Each of the three draws up his own personal hit list of 20 names. One man is to oversee the actual killings, the second to handle the funding and the third to control the disinformation that would smother the biggest death list ever put together in Australian criminal history. Sixty names.

The three men agree it would take years to complete the plan. There could not be wholesale slaughter or even the dimmest police and criminals would be able to see the three as the common denominator.

It was to be done so slowly that the police who began looking at the first murders would be retired before the list was complete. No-one would see the connection. You cannot follow the trail if it has grown over.

Revenge is a dish best eaten cold – and these three were nothing if not patient. They were prepared to let revenge freeze and thaw out before they were ready to act.

The team knew they would have to use other men to help, and, if needed, kill them to ensure they remained silent. Dead men tell no tales.

They knew it could take 15 to 20 years. Some would die from natural causes, others would die from the hands of other enemies, but the list would grow and overflow, and end up being 80 or even 100. To win a war you can’t have a time limit and you have to kill everybody and, naturally, over a 15 to 20 year period you find yourself planning the murders of men you hadn’t known when the list was drawn up.

As I write this, the list is 15 down with seven helpers put off as a side issue in the name of silence.

By the time I’ve finished writing this book there will have been 20 men crossed off the original list of 60, with maybe four to six more helpers having to go with them.
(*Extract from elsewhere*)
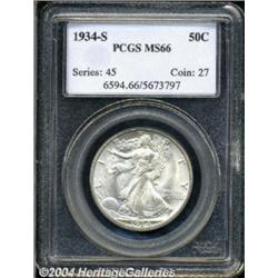 <table><tbody><tr><td><table> <TR><TD width="100%"><TABLE cellSpacing=1 cellPadding=3 width="100%" border=0><TBODY><TR><TD width="100%" bgColor=#79735c><FONT face=arial color=#ffffff size=3><B>Description</B> </FONT></TD></TR><TR><TD width="100%" bgColor=#ffffff><FONT face=arial size=2><B>1934-S 50C MS66 PCGS.</B></I> The 1934-S has been shown through population figures to be the scarcest issue in the so-called second half of the Walking Liberty series, which includes coins from 1934 through 1947. Even an MS65 example is unusual and the number of MS66 or better '34-S Walkers we have offered over the past five years can be counted on one's fingers. This shimmering silver-gray representative displays soft, frosted luster and typically bold central details. Surface marks are both few in number and unobtrusive, most being strategically placed on the reverse. </FONT></TD></TR></TBODY></TABLE></TD></TR></TBODY></TABLE><BR><A name=PricesRealized></A><TABLE cellSpacing=0 cellPadding=0 width="100%" bgColor=#000000 border=0><TBODY><TR><TD width="100%"><TABLE cellSpacing=1 cellPadding=3 width="100%" border=0><TBODY><TR><TD width="100%" bgColor=#79735c><A name=PR><FONT face=arial color=#ffffff size=3><B>Previous Prices from Heritage Auctions</B> </FONT></A></TD></TR><TR><TD bgColor=#f6f6ed><TABLE cellSpacing=0 cellPadding=0 width="100%" border=1><TBODY><TR><TD align=middle width="33%"><B>Date</B></TD><TD align=middle width="33%"><B>Service</B></TD><TD align=middle width="33%"><B>Price</B></TD></TR><TR bgColor=whitesmoke><TD width="33%"><B>07/29/2003</B></TD><TD width="33%">PCGS</TD><TD width="33%">$4,140.00</TD></TR><TR bgColor=whitesmoke><TD width="33%"><B>06/08/2002</B></TD><TD width="33%">PCGS</TD><TD width="33%">$4,025.00</TD></TR><TR bgColor=whitesmoke><TD width="33%"><B>01/08/1999</B></TD><TD width="33%">PCGS</TD><TD width="33%">$3,565.00</TD></TR><TR bgColor=whitesmoke><TD width="33%"><B>04/02/1993</B></TD><TD width="33%">NGC</TD><TD width="33%">$2,860.00</TD></TR><TR bgColor=whitesmoke><TD width="33%"><B>10/26/2000</B></TD><TD width="33%">NGC</TD><TD width="33%">$2,760.00</TD></TR><TR bgColor=whitesmoke><TD width="33%"><B>12/01/1997</B></TD><TD width="33%">PCGS</TD><TD width="33%">$3,410.00</TD></TR><TR bgColor=whitesmoke><TD width="33%"><B>01/01/1997</B></TD><TD width="33%">PCGS</TD><TD width="33%">$3,080.00</TD></TR></TBODY></TABLE></TD></TR><TR><TD bgColor=#ffffff><FONT face=arial size=1 ?>PLEASE NOTE: All prices realized reflect the final hammer price PLUS the buyer's premium in auctions that charge a buyer's premium. Each item has a notation at the top of the listing indicating whether that lot included a buyer's premium. Example: A item that sells with a final hammer price of $100 and a 20% buyer's premium will display with a price realized of $120. All information listed is intended to be as accurate as possible, but errors are possible. Please use this guide carefully and inform us of any inaccuracies. </FONT></TD></TR></TBODY></TABLE></TD></TR></TBODY></TABLE><BR><TABLE cellSpacing=0 cellPadding=0 width="100%" bgColor=#000000 border=0><TBODY><TR><TD width="100%"><TABLE cellSpacing=1 cellPadding=3 width="100%" border=0><TBODY><TR><TD width="100%" bgColor=#79735c colSpan=6><FONT face=arial color=#ffffff size=3><B>Price Guide*</B> </FONT></TD></TR><TR bgColor=#f6f6ed><TD align=middle><B>Grade</B> </TD><TD align=middle><B>Coin World<BR>(Trends)</B> </TD><TD align=middle><B>Numismedia<BR>Retail</B> </TD><TD align=middle><B>Numismedia<BR>Wholesale</B> </TD><TD align=middle><B>Coin<BR>Universe</B> </TD><TD align=middle><B>Heritage<BR>Value Index</B> </TD></TR><TR bgColor=#ffffff><TD align=middle>65</TD><TD align=right>$4,000.00</TD><TD align=right>---</TD><TD align=right>$2,775.00</TD><TD align=right>$5,000.00</TD><TD align=right>$3,225.00</TD></TR><TR style="FONT-WEIGHT: bold" bgColor=#cccfdd><TD align=middle>66</TD><TD align=right>$5,000.00</TD><TD align=right>---</TD><TD align=right>$3,900.00</TD><TD align=right>$6,850.00</TD><TD align=right>$4,145.00</TD></TR><TR bgColor=#ffffff><TD align=middle>67</TD><TD align=right>---</TD><TD align=right>---</TD><TD align=right>$9,225.00</TD><TD align=right>$16,500.00</TD><TD align=right>$10,150.00</TD></TR><TR bgColor=#ffffff><TD colSpan=6><FONT size=1>*All information listed is intended to be as accurate as possible, but errors are possible. No item may be returned or refused based on this information which is provided as a service to our customers. You should contact each pricing source directly to determine the accuracy of this information. </FONT></TD></TR></TBODY></TABLE></TD></TR></TBODY></TABLE><BR><TABLE cellSpacing=0 cellPadding=0 width="100%" bgColor=#000000 border=0><TBODY><TR><TD width="100%"><TABLE cellSpacing=1 cellPadding=3 width="100%" border=0><TBODY><TR><TD width="100%" bgColor=#79735c><FONT face=arial color=#ffffff size=3><B>Population Guide</B> </FONT></TD></TR><TR bgColor=#ffffff><TD align=middle><!-- Begin Output of Population Grid--><TABLE cellSpacing=0 cellPadding=0 width="100%" border=0><TBODY><TR><TD vAlign=center><TABLE cellSpacing=0 width="100%" border=1 cellsadding="3"><TBODY><TR><TD vAlign=center><TABLE cellSpacing=0 cellPadding=3 width="100%" border=1><TBODY><TR><TD vAlign=center align=middle bgColor=#f0f1e8 colSpan=2 <CENTER><FONT face=Arial size=2><B>PCGS Pop </B></FONT><CENTER></CENTER></TD><TD vAlign=center align=middle bgColor=#f0f1e8 colSpan=2><CENTER><FONT face=Arial size=2><B>NGC Pop</B></CENTER></FONT></TD></TR><TR><TD vAlign=center><FONT face=Arial size=2>(66)</FONT> </TD><TD vAlign=center align=right><FONT face=Arial size=2>67</FONT> </TD><TD vAlign=center><FONT face=Arial size=2>(66)</FONT> </TD><TD vAlign=center align=right><FONT face=Arial size=2>23</FONT> </TD></TR><TR><TD vAlign=center><FONT face=Arial size=2>(>66)</FONT> </TD><TD vAlign=center align=right><FONT face=Arial size=2>3</FONT> </TD><TD vAlign=center><FONT face=Arial size=2>(>66)</FONT> </TD><TD vAlign=center align=right><FONT face=Arial si

Then there will have a list of 40. Not too many really – you could put them all on one bus. Sixty sounds a bit hard to believe, but when you read this and learn that there is only 40 more to go it’s not such a fantastic tale to believe, after all.

I mean, some mental retard in Tasmania killed nearly 40 innocent people in one afternoon at Port Arthur in 1996, so 40 more murders in Australia over ten years isn’t such a way out thing. One difference being that the Port Arthur victims were decent citizens who didn’t deserve to die, whereas the ones on the Collingwood list all have it coming.